Das Wasser – ein Vorhang! – kräuselte sich und eine schlanke Gestalt trat hindurch. Sie hatte sofort die Aufmerksamkeit des Barons. Folnor sank auf ein Knie hinab. Um ihn herum taten es ihm die anderen elf Männer und Frauen gleich, als sie den Horas erkannten.

„Die Ereignisse in Arivor haben unsere Überzeugung bekräftigt. Lange haben wir beobachtet und gesehen, doch in Euch glauben wir diejenigen Menschenkinder gefunden zu haben, mit denen an der Seite wir uns den Herausforderungen der Weltzeitwende gewachsen fühlen.
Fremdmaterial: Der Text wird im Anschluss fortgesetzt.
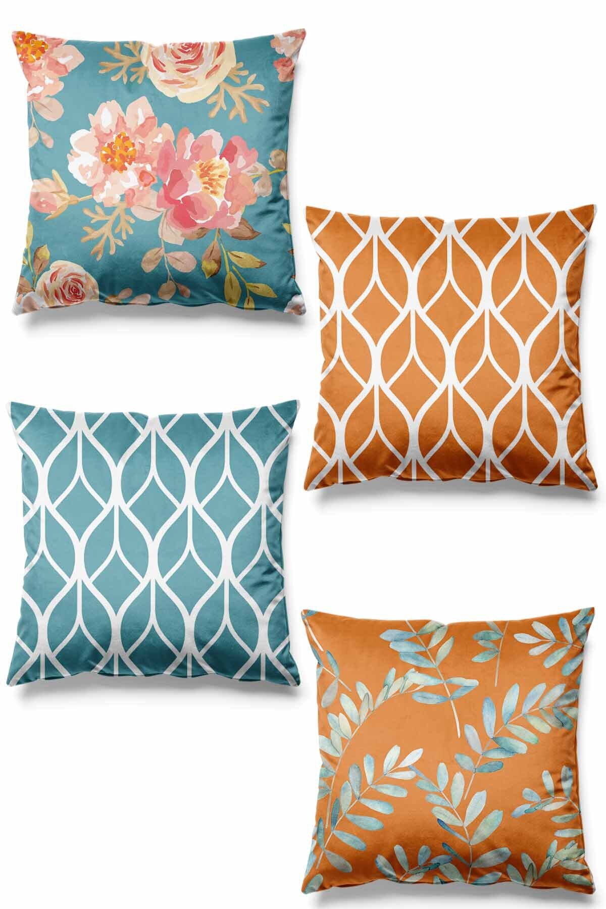 Çift Tarafı Baskılı Daisy Desenli 4'lü Set Süet Kırlent Kılıfı Çift Tarafı Baskılı Daisy Desenli 4'lü Set Süet Kırlent Kılıfı PLV0S543 43 x 43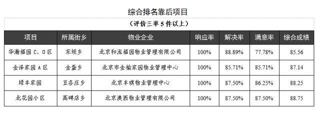 由北京市市民热线服务中心对朝阳区物业管理类诉求办理情况进行随机抽样回访,根据市民回访结果形成每家物业服务企业办理市民诉求成绩。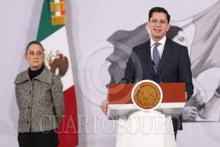 CIUDAD DE MÉXICO, 18DICIEMBRE2025.- Roberto Velasco, encargado de despacho de la Cancillería, durante su participación en la Conferencia del Pueblo de este jueves en Palacio Nacional. FOTO: DANIEL AUGUSTO/ CUARTOSCURO.COM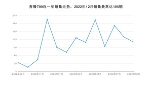 2023年9月,奔腾T99销量为110辆,同比增长233.33%,环比下降14.73%。2022年09月-2023年09月份,奔腾T99销量为1384辆,同比下降61.06%。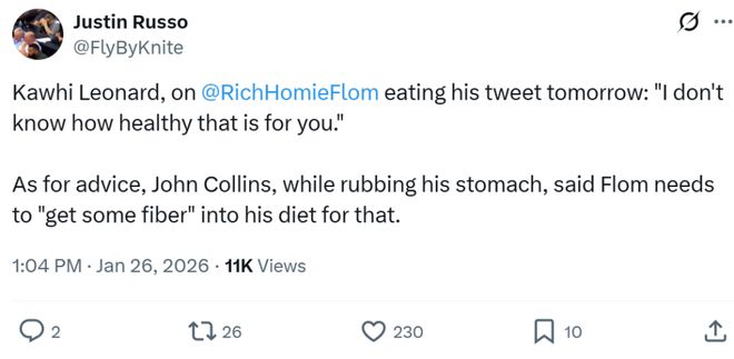 球迷打赌后要吃推文!伦纳德:还是吃点别的吧,那玩意儿对身体不好

So tretet denn nun vor Paladine des Reiches und empfangt das Zeichen Eurer Bürde!“
Bei diesen Worten trat die dunkelhaarige Robenträgerin vor. Folnor spürte ein Kribbeln der Aufregung und Unruhe, aber auch des Stolzes, als ihm die Brosche ans Wams geheftet wurde.
Ich. Folnor von Aldyra. Ein Paladin!